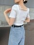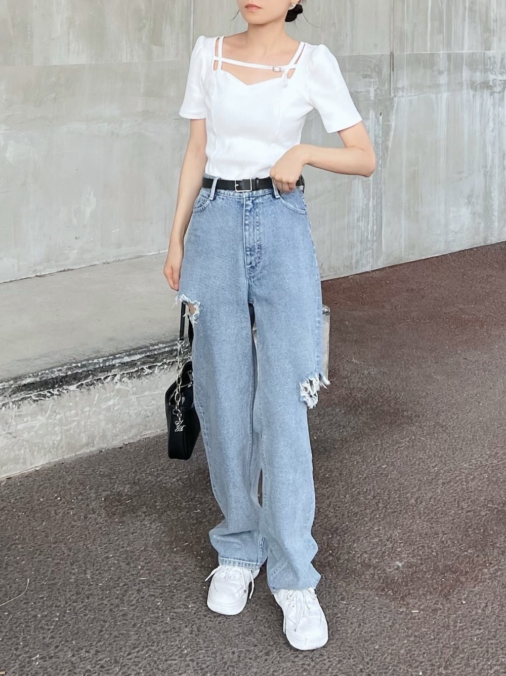 【トップス】 胸元のハートカットラインがデコルテをキレイに魅せてくれるリブトップスです♡ スリムベルトデザインをネック周りに施し拘った1着です。 細めのリブ生地とパネル切り替えを入れて、ボディに沿うシルエットに仕上げました。 デイリーにもお出かけにも着回しが効く優秀なアイテムです。 【ボトムス】 両サイトにあしらったカットアウトががかわいいデニムパンツです♡ ハイウエストデザインとキレイなウエストラインが引き締め効果抜群です。 162cmでSサイズ着用しています。
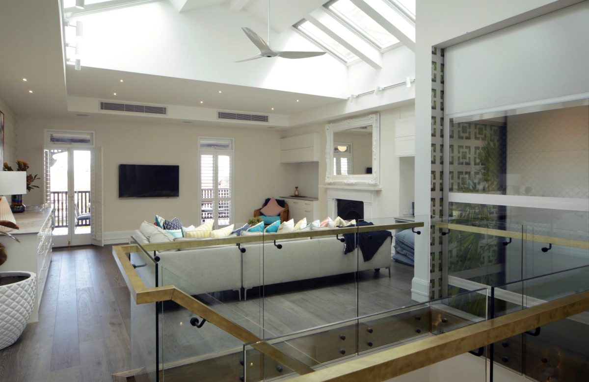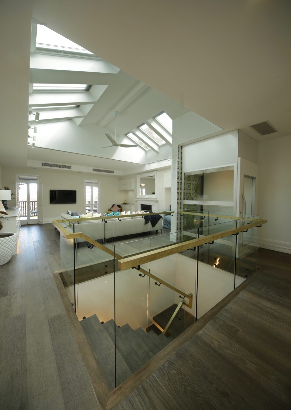 A great way to enhance the flow of light through a space is to use glass on stairwell balustrades. As you can see in the top level living area the glass creates another way for natural light to flow through the room.
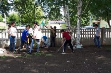 Трудовой лагерь провел уборку школьного двора
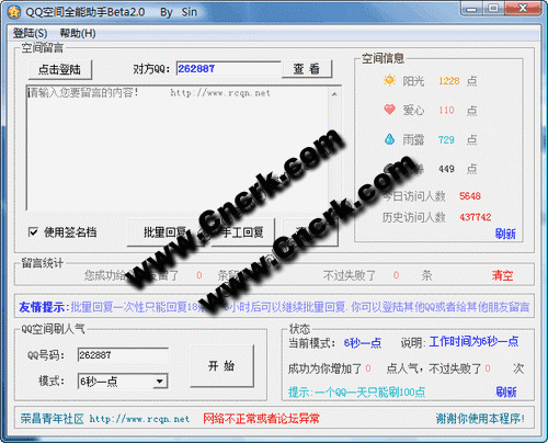 主要功能: 1.批量刷留言。 2.刷人气 3.有4种刷人气模式 4.快速查看QQ空间信息 5.一个QQ限制1天只能刷100点
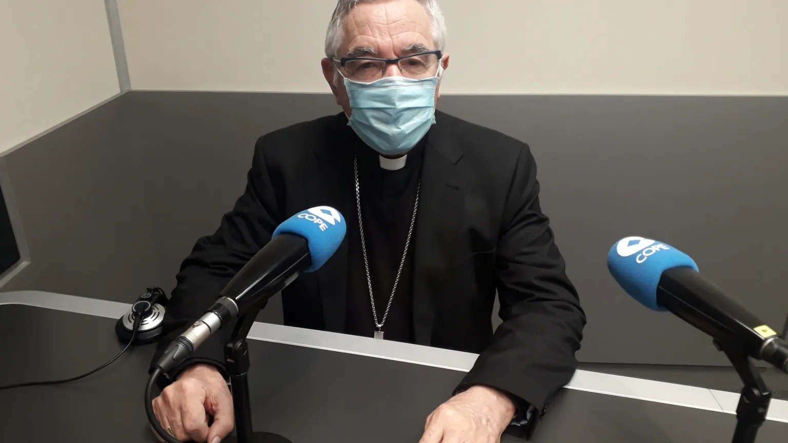 Don Manuel Sánchez Monge, en los estudios de Cope Cantabria antes de la llegada de la Navidad
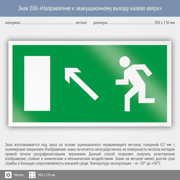Знак E06 «Направление к эвакуационному выходу налево вверх» (металл, 300х150 мм) в Ульяновске купить
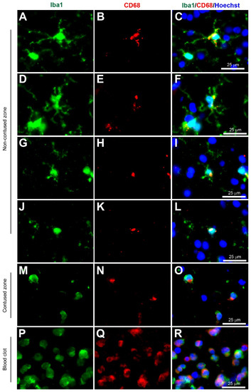 Coexpression of Iba1 and CD68. Human brain biopsy samples from the superior frontal gyrus after TBI were stained with the primary antibodies: rabbit anti-Iba1 (1:1000, Wako, Cat No. 019-19741) and mouse anti-CD68 (1:500, Invitrogen, Cat No. 14-0688-82) followed by rabbit anti-Alexa Fluor 488 and mouse anti-Alexa Fluor 594, respectively. Iba1+ microglia co-expressed with CD68 can be observed in various activated states, ranging from the most ramified state (A–C) through increasing states of activation (D–F and G–I) to the most amoeboid morphology (J–L) in the non-contused brain tissue. In contrast, predominantly amoeboid microglia stained with Iba1 and CD68 were observed in contused brain tissue (M–O). Clotted blood from a neurosurgical (brain) operative field was used to identify peripherally-derived macrophages that strongly stained for both Iba1 and CD68 (P–R). Scale bars are 25 μm. Unpublished data.
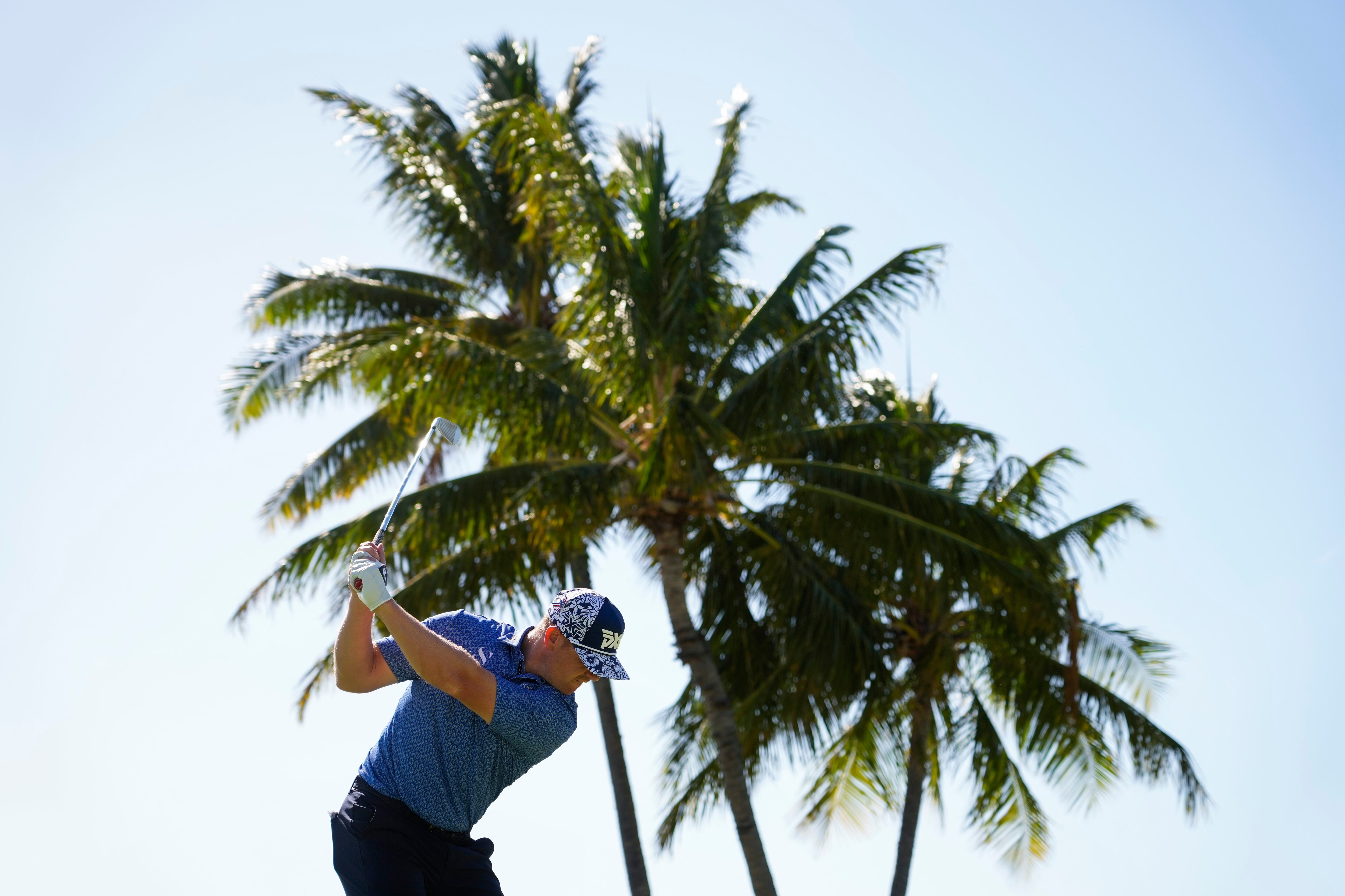 Patrick Fishburn hace su tiro de salida al hoyo 17 en la segunda ronda del Sony Open, el viernes 10 de enero de 2025, en Honolulú (AP Foto/Matt York) AP (Matt York/AP)
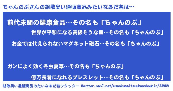 | 男性向けラノベタイトル風あだ名 | 『転生したらちゃんのぶだった件』 |
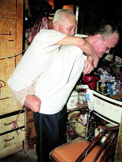 中新網(wǎng)6月15日電 據(jù)臺灣《聯(lián)合報》報道,苗栗市一對身體殘缺的父子相依為命,互為對方手腳;他們一個沒有雙手、一個沒有雙腳。
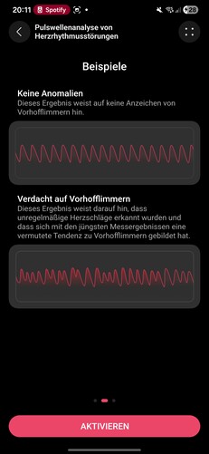 I test possono essere lanciati manualmente sull'orologio posizionando un dito sul sensore X-Tap e richiedono solo un minuto circa. Oltre alle singole letture, il software fornisce anche gli Health Insights, evidenziando i cambiamenti e le tendenze, come una frequenza cardiaca a riposo insolitamente elevata.

About this exercise: A word-for-word copy of the entries is needed, with no pictures in it.

Task solution:
 【トップス】 胸元のハートカットラインがデコルテをキレイに魅せてくれるリブトップスです♡ スリムベルトデザインをネック周りに施し拘った1着です。 細めのリブ生地とパネル切り替えを入れて、ボディに沿うシルエットに仕上げました。 デイリーにもお出かけにも着回しが効く優秀なアイテムです。 【ボトムス】 両サイトにあしらったカットアウトががかわいいデニムパンツです♡ ハイウエストデザインとキレイなウエストラインが引き締め効果抜群です。 162cmでSサイズ着用しています。
 A great way to enhance the flow of light through a space is to use glass on stairwell balustrades. As you can see in the top level living area the glass creates another way for natural light to flow through the room.
 Трудовой лагерь провел уборку школьного двора
 主要功能: 1.批量刷留言。 2.刷人气 3.有4种刷人气模式 4.快速查看QQ空间信息 5.一个QQ限制1天只能刷100点
 Don Manuel Sánchez Monge, en los estudios de Cope Cantabria antes de la llegada de la Navidad
Знак E06 «Направление к эвакуационному выходу налево вверх» (металл, 300х150 мм) в Ульяновске купить
 Coexpression of Iba1 and CD68. Human brain biopsy samples from the superior frontal gyrus after TBI were stained with the primary antibodies: rabbit anti-Iba1 (1:1000, Wako, Cat No. 019-19741) and mouse anti-CD68 (1:500, Invitrogen, Cat No. 14-0688-82) followed by rabbit anti-Alexa Fluor 488 and mouse anti-Alexa Fluor 594, respectively. Iba1+ microglia co-expressed with CD68 can be observed in various activated states, ranging from the most ramified state (A–C) through increasing states of activation (D–F and G–I) to the most amoeboid morphology (J–L) in the non-contused brain tissue. In contrast, predominantly amoeboid microglia stained with Iba1 and CD68 were observed in contused brain tissue (M–O). Clotted blood from a neurosurgical (brain) operative field was used to identify peripherally-derived macrophages that strongly stained for both Iba1 and CD68 (P–R). Scale bars are 25 μm. Unpublished data.
 Patrick Fishburn hace su tiro de salida al hoyo 17 en la segunda ronda del Sony Open, el viernes 10 de enero de 2025, en Honolulú (AP Foto/Matt York) AP (Matt York/AP)
 | 男性向けラノベタイトル風あだ名 | 『転生したらちゃんのぶだった件』 |
 中新網(wǎng)6月15日電 據(jù)臺灣《聯(lián)合報》報道,苗栗市一對身體殘缺的父子相依為命,互為對方手腳;他們一個沒有雙手、一個沒有雙腳。
 I test possono essere lanciati manualmente sull'orologio posizionando un dito sul sensore X-Tap e richiedono solo un minuto circa. Oltre alle singole letture, il software fornisce anche gli Health Insights, evidenziando i cambiamenti e le tendenze, come una frequenza cardiaca a riposo insolitamente elevata.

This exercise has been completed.